Receiving email is the part nobody warns you about
Sending email is a solved problem. Receiving it — turning real-world MIME into something your app can use — is where everyone quietly loses a week. Here's why inbound is the hard direction, how each option punts, and what one clean webhook looks like instead.
Sending email is a solved problem. Pick a provider, call one endpoint, a message goes out, you feel productive. There’s a whole generation of lovely send APIs now, and they earned the praise.
Receiving email is where the ground gives way.

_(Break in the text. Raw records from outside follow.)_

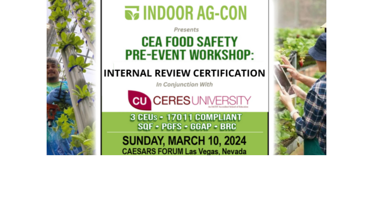 లాస్ వేగాస్ – ఇండోర్ ఆగ్-కాన్, నియంత్రిత పర్యావరణ వ్యవసాయం (CEA), గ్రీన్హౌస్లు మరియు నిలువు వ్యవసాయం కోసం అతిపెద్ద వాణిజ్య ప్రదర్శన మరియు సమావేశం, సెరెస్ విశ్వవిద్యాలయం, ICET గుర్తింపు పొందిన ఆహార భద్రత శిక్షణ మరియు ధృవీకరణ యొక్క ప్రముఖ ప్రొవైడర్గా, CEA ఫుడ్ సేఫ్టీ వర్క్షాప్ మార్చి 11-12, 2024న లాస్ వెగాస్లోని సీజర్స్ ఫోరమ్లో ఇండోర్ ఆగ్-కాన్ ముందస్తుగా. మార్చి 10, 2024 ఆదివారం మధ్యాహ్నం 1:00 నుండి సాయంత్రం 5:00 వరకు షెడ్యూల్ చేయబడింది. “అంతర్గత పరీక్ష ధృవీకరణ” పరిశ్రమ నిపుణులు తమ కెరీర్ను నిర్మించుకోవడంలో మరియు అటువంటి పరిస్థితుల కోసం సిద్ధం చేయడంలో సహాయపడటానికి రూపొందించబడింది: గ్లోబల్ ఫుడ్ సేఫ్టీ ఇనిషియేటివ్ (GFSI) అంతర్గత ఆడిట్ ధృవీకరణ అవసరాలు.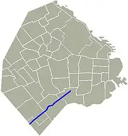| Avenidas que corta | La Plata, Centenera, Perito Moreno, Varela, San Pedrito, Lafuente, Mariano Acosta, Lacarra, Escalada, Larrazábal, de la Torre y General Paz | |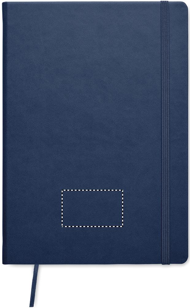 DIN A5 Notizbuch mit Hard Cover aus PU. 100 Blatt (200 Seiten) liniertes Recyclingpapier (80 g/m²). Farblich passendes elastisches Verschlussband und Lesebändchen. Hergestellt in der EU.Material: Recyceltes PapierMaße: 22x15,5 cmGewicht: 0.34 kgVeredelung: Bestickung, Bedruckung, BeflockungHandling/Farbcodes: A/03, 04, 05, 06Druckposition: FRONTDruckmaße: 120 x 190 mmDrucktechniken: B, S2, T1, TRDruckposition: FRONT PDDruckmaße: 152 x 215 mmDrucktechniken: PD4Druckposition: BACKDruckmaße: 90 x 190 mmDrucktechniken: B, S2, T1, TRDruckposition: BACK PDDruckmaße: 110 x 210 mmDrucktechniken: PD4Druckposition: FRONT PADDruckmaße: 50 x 30 mmDrucktechniken: P3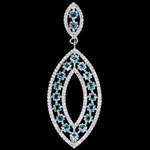 GENUINE SWISS BLUE TOPAZ & WHITE CZ 925 SILVER PENDANT 14K WHITE GOLD COATING;STONE SHAPESQUARE FACET CUTSTONE DIMENSION4 X 4 MM.MAIN STONE WEIGHT5.4 CARATCOLORSWISS BLUECLARITYIF TO VVSLUSTERDAZZLINGTREATMENTIRRADIATIONORIGIN OF STONEAFRICAHARDNESS8OTHERFACE OF PENDANT 65 X 23 MM. WHITE CUBIC ZIRCONIA 1.2 MM. TOTAL 5.76 G.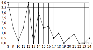 Версия для печати и копирования в MS WordНа рисунке жирными точками показано суточное количество осадков, выпадавших в Томске с 8 по 24 января 2005 года. По горизонтали указываются числа месяца, по вертикали — количество осадков, выпавших в соответствующий день, в миллиметрах. Для наглядности жирные точки на рисунке соединены линией. Определите по рисунку, какого числа в Томске впервые выпало ровно 1,5 миллиметра осадков.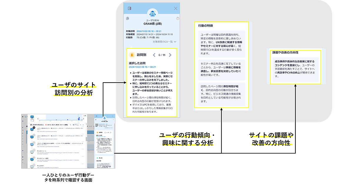 USERGRAMで計測している個別ユーザの行動データの解釈やインサイト(洞察)抽出を生成AIがサポートする。USERGRAMでオンライン・オフラインを横断したユーザ行動を時系列で可視化し、それらの行動データを生成AIが分析してユーザの行動の特徴・関心・課題を提示する。コンバージョン(顧客転換)に手間取ったユーザなど分析対象を絞り込んで活用すれば、より効率的なインサイトが得られる。25年上期中の正式リリースを目指す。
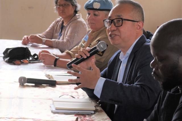 A high-level delegation led by UNMISS Deputy Chief, Guang Cong, meets local communities in Greater Pibor Administrative Area. Photos by Angellah Mandoreba/UNMISS
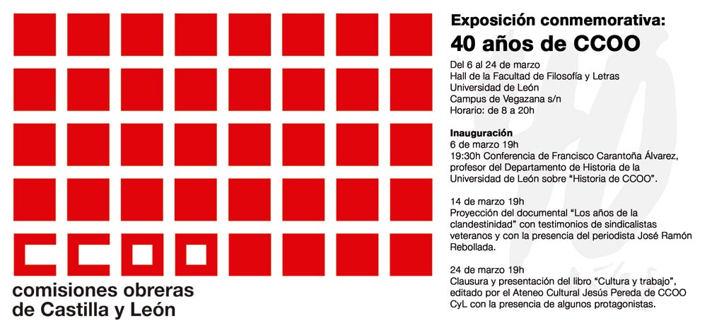 Con este acto se pone fin a la conmemoración del 40 aniversario de la legalización de CCOO, para lo que se ha contado con una exposición, que se ha podido contemplar en el hall de la Facultad de Filosofía y Letras, una conferencia del profesor Francisco Carantoña y la proyección de un documental sobre los años de la clandestinidad.

The moment a feature needs the other direction — a reply that reopens a support ticket, an inbound attachment to process, an “email us your receipt” address, an agent that reads its own mail — you leave the paved road. You’re suddenly responsible for parsing arbitrary MIME produced by thirty years of mail clients that agree on nothing. And most providers hand you that swamp as an afterthought, bolted onto their send product.
This is the post I wish I’d read before I started.
Why inbound is the hard direction
When you send, you control the message. You build clean data, hand it to a library, and it produces well-formed MIME. When you receive, you inherit whatever twenty years of email clients, marketing tools, and someone’s Exchange server from 2009 decided to emit. You don’t get to reject it for being ugly. You have to parse it.
And real-world MIME is genuinely nasty:
- It’s a tree, not a string. A single email is
multipart/alternative(text + HTML) wrapped inmultipart/mixed(body + attachments), sometimes wrapped again for signatures. You walk the tree to find “the body.” - Encodings everywhere.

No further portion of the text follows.